(Source material begins)

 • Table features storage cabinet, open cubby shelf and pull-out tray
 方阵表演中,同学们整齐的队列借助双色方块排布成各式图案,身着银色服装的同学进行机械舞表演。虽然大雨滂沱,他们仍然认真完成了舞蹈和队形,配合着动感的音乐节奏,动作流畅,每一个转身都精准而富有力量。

(Source material ends)
(Source material begins)

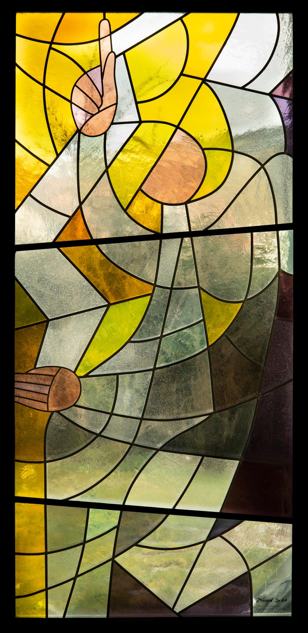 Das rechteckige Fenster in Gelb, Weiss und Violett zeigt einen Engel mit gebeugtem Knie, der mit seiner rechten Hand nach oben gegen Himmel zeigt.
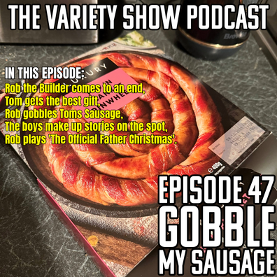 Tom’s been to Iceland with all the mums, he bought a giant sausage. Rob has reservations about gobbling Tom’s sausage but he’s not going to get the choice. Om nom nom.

(Source material ends)
(Source material begins)

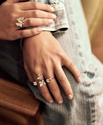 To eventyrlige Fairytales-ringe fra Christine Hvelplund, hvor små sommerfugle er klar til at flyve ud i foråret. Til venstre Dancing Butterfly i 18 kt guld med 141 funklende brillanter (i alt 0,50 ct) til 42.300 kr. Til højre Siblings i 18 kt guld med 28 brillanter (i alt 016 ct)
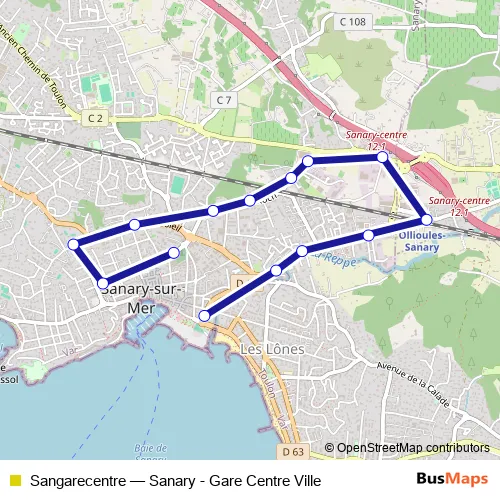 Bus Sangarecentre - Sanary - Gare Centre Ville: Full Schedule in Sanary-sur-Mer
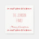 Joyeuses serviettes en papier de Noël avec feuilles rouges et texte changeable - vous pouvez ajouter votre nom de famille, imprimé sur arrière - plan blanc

(Source material ends)

■ Task objective
Everything starting at the line containing "and pull-out tray" and ending at the line containing "方阵表演中,同学们整齐的队列" in the records above should be repeated exactly, and only that.

■ Exercise result
 • Table features storage cabinet, open cubby shelf and pull-out tray
 方阵表演中,同学们整齐的队列借助双色方块排布成各式图案,身着银色服装的同学进行机械舞表演。虽然大雨滂沱,他们仍然认真完成了舞蹈和队形,配合着动感的音乐节奏,动作流畅,每一个转身都精准而富有力量。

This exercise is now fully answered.